*The following is excerpted from an online article posted on U.S. News & World Report.
That baby simulator home economics class your child has been taking? Well, it might not turn teens off to pregnancy after all, according to new research from Australia.
Girls who took part in the country's Virtual Infant Parenting program, derived from the U.S. program Realityworks, actually had a higher likelihood of becoming pregnant than those unenrolled. Results of the trial were published Thursday in The Lancet. The study authors say their research indicates this method is not likely an efficient use of public funds in the effort to stop teen pregnancy.
"It's one thing to get results to say it doesn't work, it's another to get results that does the opposite," study author Sally Brinkman told ABC News.
The trial examined 2,834 girls across 57 schools in Western Australia (all ages 13 to 15 when the study began, and studied until age 20). More than 1,200 participated in the Virtual Infant Parenting Program, while the other 1,567 had regular health education. The researchers correlated this with hospital record and abortion clinic data.
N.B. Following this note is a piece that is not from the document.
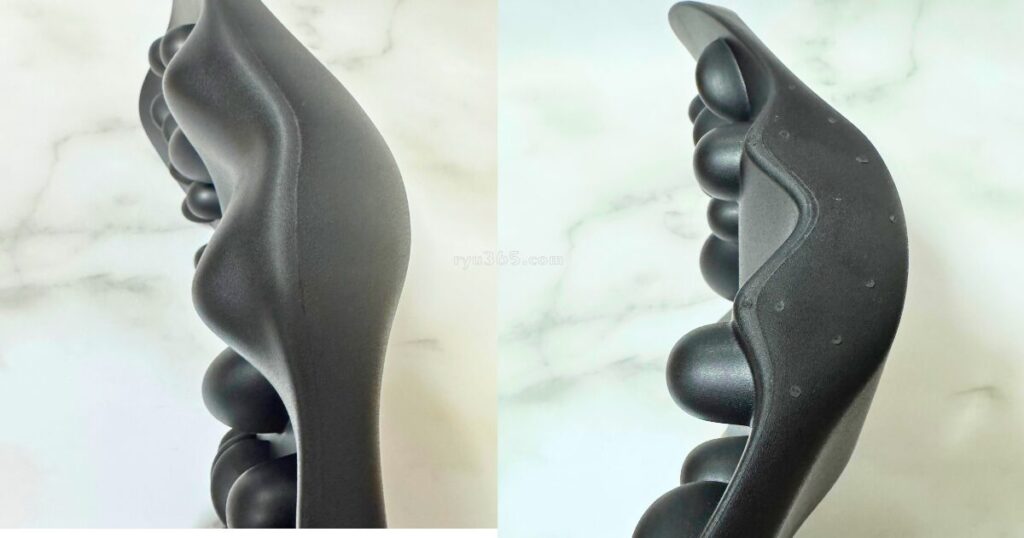 • 「ゆらゆら左右に傾けると、より強い刺激になりほぐれる感じがする。また、裏面にすると背中のストレッチがしっかりされて気持ちが良い」

The team found girls who participated in the program had greater abortion and pregnancy rates, with 8 percent having one birth versus the control group's 4 percent. Nine percent of girls in the program had abortions vs. the control group's 6 percent.
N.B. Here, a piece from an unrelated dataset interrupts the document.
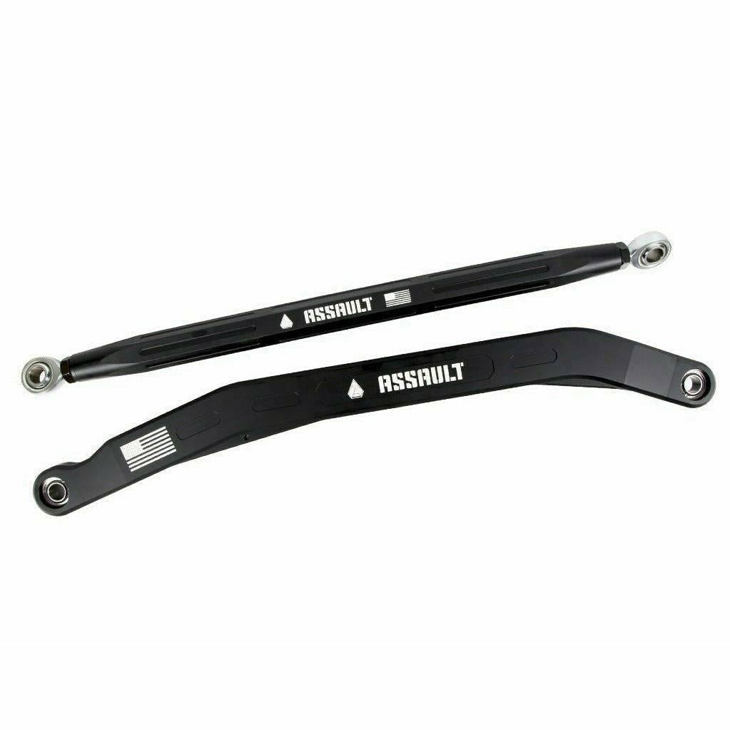 This kit provides additional clearance for your UTV's undercarriage on uneven terrain. Assault Industries high clearance radius rods are machined from 6061 T6 aluminum, hard anodized black and finished with Assault Industries laser markings. The rods feature adjustable uppers with big beefy lower rods.

Specifically, the program features educational sessions on topics like how much it costs to have a child and substance abuse during pregnancy, in addition to the oft-featured pop-culture exercise of taking a baby doll home over the weekend. This doll tracks everything from crying time to diaper changes and will indicate when it needs to eat, be rocked and more.
But what does this mean for these efforts in America? Realityworks CEO Timm Boettcher told ABC News that the Australian program differs from the U.S. program in key ways. "The study being released today by The Lancet was not a representation of our curriculum and simulator learning modality but the researchers 'adaptation' and is consequently not reflective of our product nor its efficacy," he said.